About array names and addresses of arrays in C

Question

I had the following code :

#include<stdio.h>

void main()
{
    int * a;
    int arr[2];
    arr[1] = 213 ;
    arr[0] = 333 ;
    a = &arr ;
    printf("\narr %d",arr);
    printf("\n*arr %d",*arr);
    printf("\n&arr %d",&arr);

    printf("\n%d",a[1]);
}

On running this simple program i get the output as follows :

arr -1079451516
*arr 333
&arr -1079451516
213

Why is it that both arr and &arr give the same result ? I can understand that arr is some memory location and *arr or arr[0] is the value stored at the position, but why is &arr and arr same ?

Answer 1

arr is treated like a constant pointer, it evaluates to the memory address where your integer array is located. The memory location arr evaluates to cannot be changed. It does not make sense to ask for the address of arr, because there is no place in memory where this constant pointer is stored.

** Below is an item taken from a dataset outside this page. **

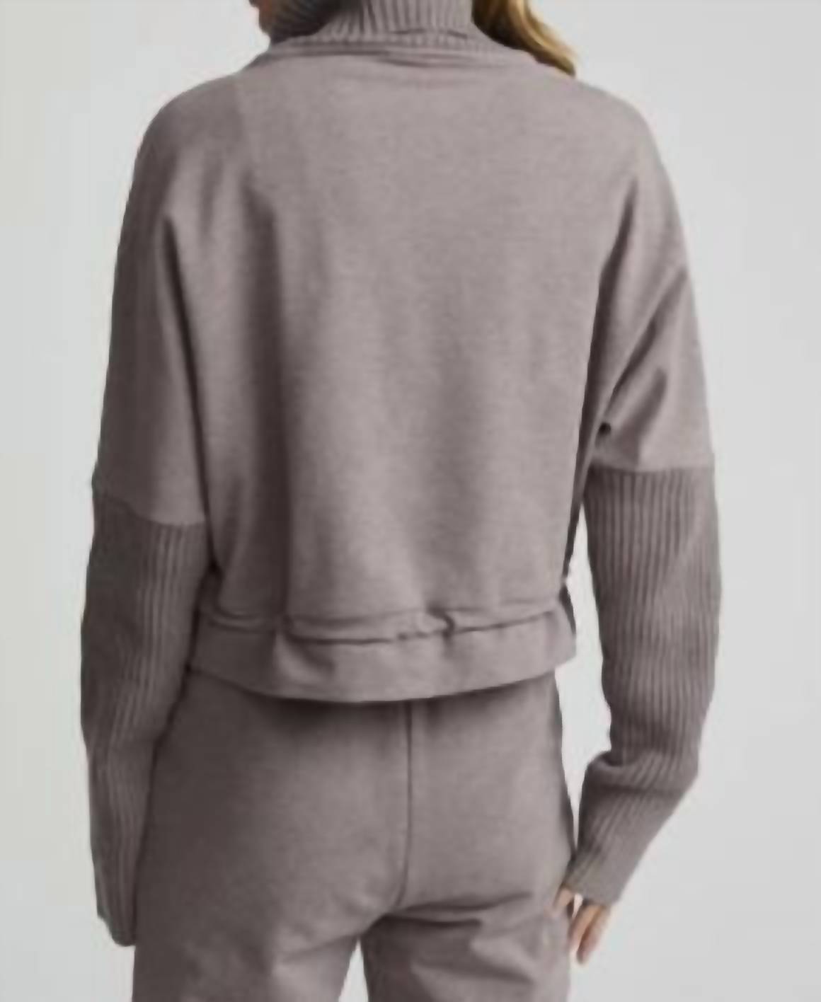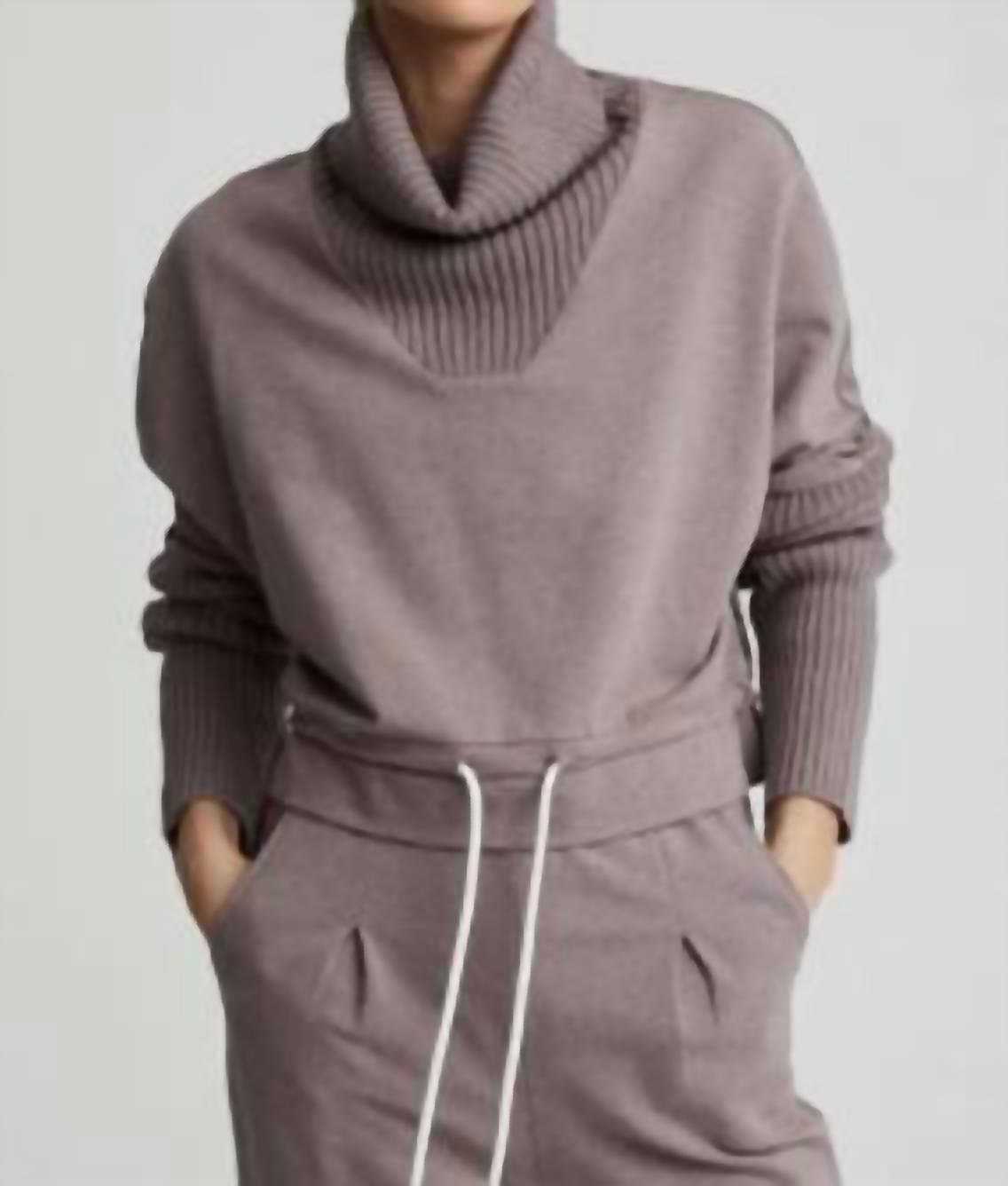 Introducing the VARLEY Britannia Roll Neck Sweater in a sleek Pine Bark hue, an ideal choice for minimalist styling this Spring. This long-sleeve sweater features a chunky, oversized turtleneck and a boxy, slightly cropped silhouette, offering both comfort and style. With a pull-on closure and adjustable drawcord at the hem, it's perfect for versatility whether you're at a Thanksgiving dinner or a casual dinner party. Made without pockets, it's designed to pair seamlessly with matching Keswick pants.

The non-constant pointer that you declared, a, is a location in memory that can hold a pointer (the location of something else in memory, in this case the start of the arr array). Therefore &a will evaluate to a memory address other than -1079451516. The pointer "a" has a memory address allocated for it because you could change a to point to something else, storing that address in the pointer a. arr can never be re-defined in this function so there is no need to store it in memory.

Answer 2

Almost any time you use an expression with array type, it immediately "decays" to a pointer to the first element. arr becomes a pointer with type int*, and this pointer is what's actually passed to printf. &arr is a pointer with type int (*)[2] (pointer to array of two ints). The two pointers have the same address, since they both point at the beginning of the array.

(One notable exception to the array-to-pointer conversion is in a sizeof argument.)

Answer 3

They're the same by definition (i.e. because the language designers chose them to mean the same thing.)